→ **REQUIREMENT**:
Take the line containing "A modern, elegant, wedding" and each line after it through the end of the data below, and return them exactly, minus any pictures.

→ **DATASET EXCERPT**:
________________________
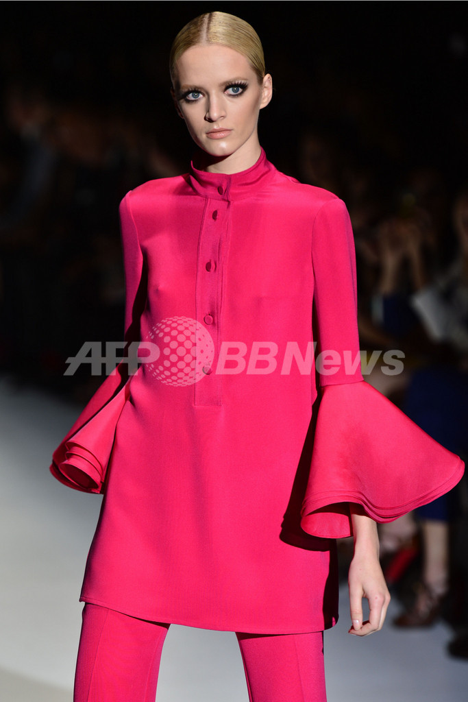 【11月6日 AFP】ランウェイに溢れる、ピンクやディープブルー、エメラルドグリーン、イエロー…。「グッチ(Gucci)」は、鮮やかなカラーを大胆に取り入れたロングドレスやスーツを13年春夏コレクションで、提案した。
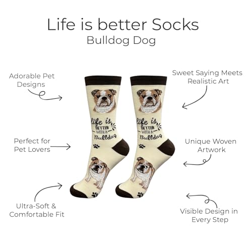 Description Introducing our collection of adorable and vibrant pet lover socks designed exclusively for pet lovers! These funny socks are the epitome of cuteness and novelty, guaranteed to bring a smile to your face. Big image of dog head woven on both sides on the socks and full body image woven on the bottom of the socks with a cute saying that says life is better with Dog. These socks are made in South Korea, These funny socks are made from 200 needle count machines which give life-like detail of your favorite pet. Step up your sock game with our adorable and hilarious Dog Socks, designed especially for pet lovers! These novelty socks are the perfect addition to your collection, featuring cute and silly designs that are bound to make you smile. Made with high-quality materials, these fun socks offer both comfort and style. They add a playful and fashionable touch to your everyday outfits, whether you're dressing up or keeping it casual. Whether you're a dog mom, a dog dad, or simply a dog lover, these socks are a must-have. With their delightful designs and comfortable fit, these socks are a fashionable treat for pet lovers and make great novelty gifts and dog mom gifts.
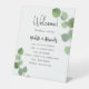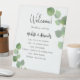 A modern, elegant, wedding program, timeline.  White background, decorated with eucalyptus greenery, sprigs. Personalize and add your names and wedding details. Black coloured letters.  If you have more text it's possible to reduce the line space.
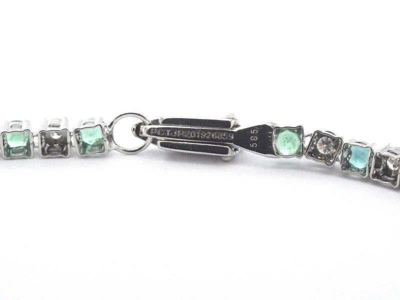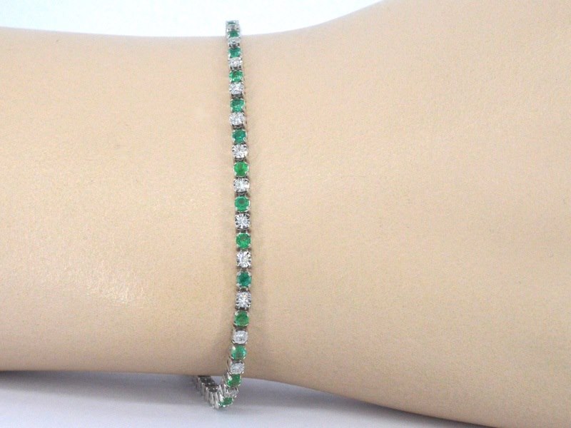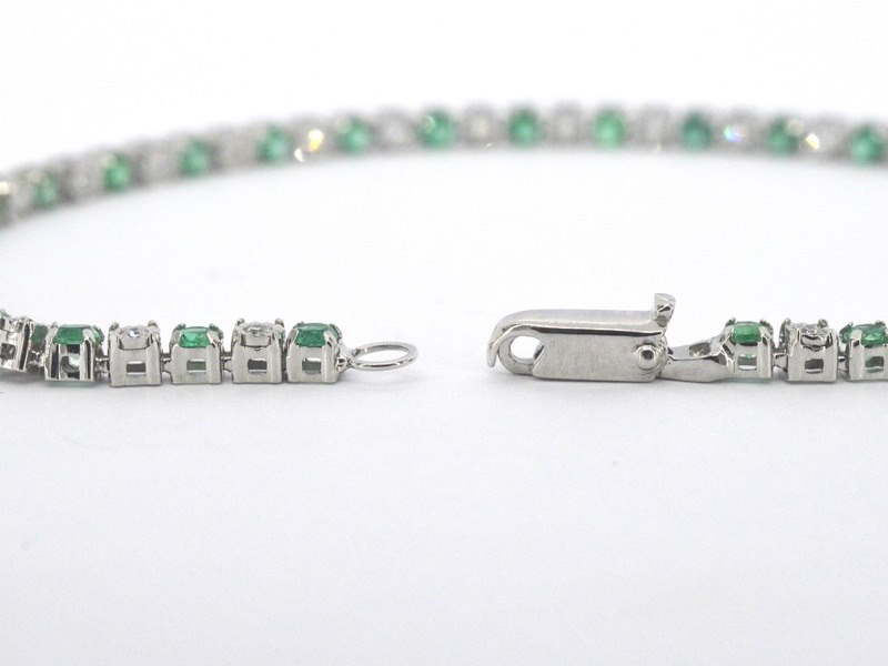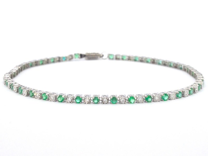 Product: Witgouden tennisarmband met diamanten en smaragden Specificaties: Diamant: Natuurlijk Aantal: 34 stuks Slijpvorm: Rond geslepen Gewicht (carat): 0.30 carat Kleur: F-G Zuiverheid: VS-SI Slijpkwaliteit: Zeer mooi Edelsteen: Smaragd Aantal: 35 stuks Slijpvorm: Rond geslepen Gewicht (carat): 1.20 carat Kleur: Groen Zuiverheid: Met natuurlijke insluitsels Juweel: Armband Gewicht: 3 gram Afmetingen/lengte: 18 cm Materiaal: 14 karaat (585) Conditie: Nieuw Verpakking: Luxe sieradendoos Toelichting: De kwaliteit is overgenomen van het rapport behorend bij item. De waardebepaling is een beoordeling van een gecertificeerde diamantair, gebaseerd op consumentenprijzen. Consumentenprijs: € 3.815,-
________________________
→ **RESPONSE AREA**:
 A modern, elegant, wedding program, timeline.  White background, decorated with eucalyptus greenery, sprigs. Personalize and add your names and wedding details. Black coloured letters.  If you have more text it's possible to reduce the line space.
 Product: Witgouden tennisarmband met diamanten en smaragden Specificaties: Diamant: Natuurlijk Aantal: 34 stuks Slijpvorm: Rond geslepen Gewicht (carat): 0.30 carat Kleur: F-G Zuiverheid: VS-SI Slijpkwaliteit: Zeer mooi Edelsteen: Smaragd Aantal: 35 stuks Slijpvorm: Rond geslepen Gewicht (carat): 1.20 carat Kleur: Groen Zuiverheid: Met natuurlijke insluitsels Juweel: Armband Gewicht: 3 gram Afmetingen/lengte: 18 cm Materiaal: 14 karaat (585) Conditie: Nieuw Verpakking: Luxe sieradendoos Toelichting: De kwaliteit is overgenomen van het rapport behorend bij item. De waardebepaling is een beoordeling van een gecertificeerde diamantair, gebaseerd op consumentenprijzen. Consumentenprijs: € 3.815,-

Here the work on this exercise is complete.